R.- Seguían deseando el socialismo “con rostro humano” y no, como muchos creían, el capitalismo. Mi padre, que vivió el fin del comunismo como un trauma y quería ser enterrado con un carné del partido, me dijo: “La idea era buena, fue Stalin quien la destrozó”. No era un auténtico ‘sovok’ (término despectivo utilizado en Rusia para definir a las personas con una mentalidad rígidamente soviética), era un hijo de su tiempo. Y muchos eran como él. El drama de esos setenta años de vida bajo el régimen soviético no ha sido comprendido. No se entiende lo que significaba vivir con la mentalidad soviética.

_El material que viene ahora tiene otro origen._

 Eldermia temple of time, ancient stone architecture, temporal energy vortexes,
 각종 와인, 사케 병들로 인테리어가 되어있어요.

P.- Su literatura es coral. Con historias sobre las vidas de hombres y mujeres en la ex Unión Soviética o historias que muestran la guerra desde el punto de vista femenino. Hoy, en otra época de conflicto, ¿a quién confiaría la tarea de contar esta guerra y las guerras de hoy?

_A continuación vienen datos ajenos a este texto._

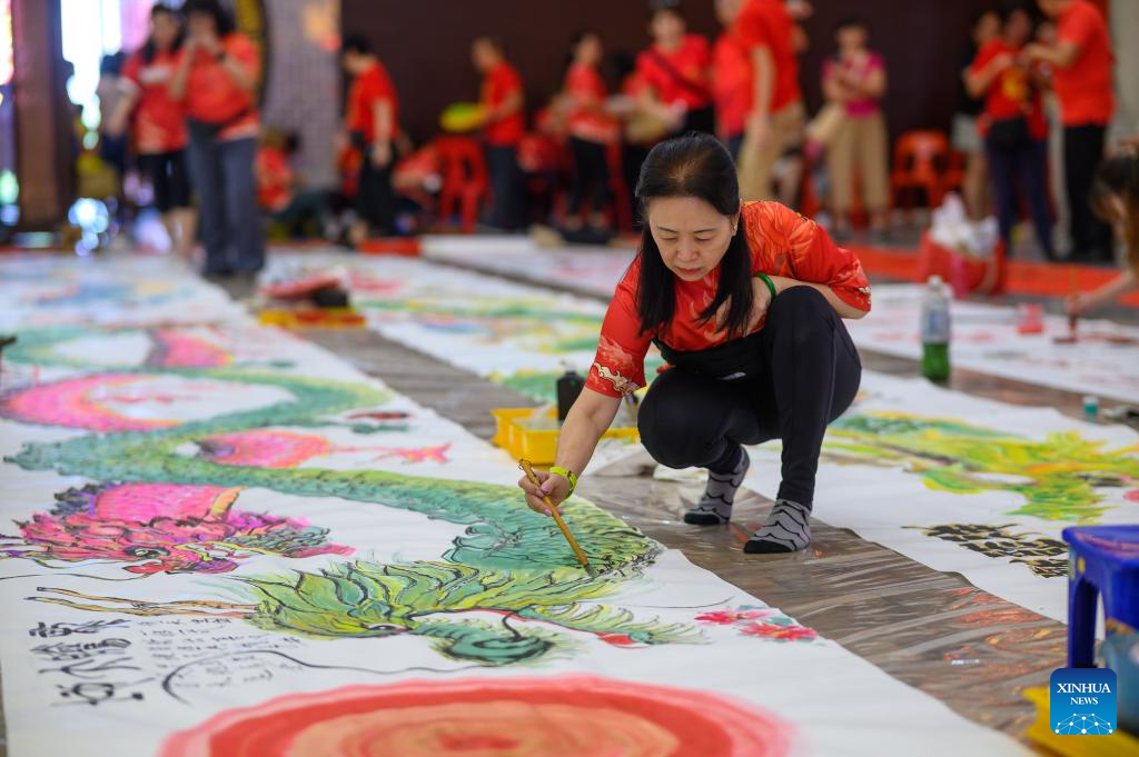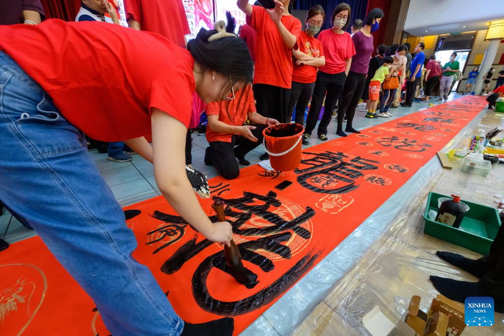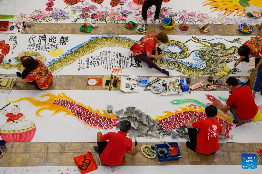 Students in Malaysia create dragon-themed long scrolls for upcoming Chinese Lunar New Year

R.- Acabo de terminar de escribir un libro sobre la revolución en Bielorrusia en 1920, la guerra en Ucrania y la decepción no solo con Putin, sino con el propio pueblo ruso. Es difícil que una sola voz cuente una historia tan compleja. Quizás se pueda contar el dolor, pero ahora es necesario hacer más, dar sentido a todo lo que ha pasado. No creo que haya una persona –una sola persona– que realmente entienda lo que está sucediendo en Ucrania. La gente está confundida, perdida. Tanto los intelectuales como la gente normal. Los ucranianos hablan de su dolor. La verdadera pregunta, sin embargo, es tratar de entender por qué sucede todo esto. Yo también pensé que no había ya ningún ‘sovok’, pero precisamente es él quien ha ido a combatir a Ucrania.

De Gaza a Ucrania

P.- En “Últimos testigos” recoge los testimonios de quienes de niños vivieron la ocupación alemana en Bielorrusia. Hoy, los niños de Gaza, los niños israelíes, los jóvenes ucranianos y rusos enviados al frente siguen siendo víctimas de la guerra. ¿Solo podemos ofrecer violencia?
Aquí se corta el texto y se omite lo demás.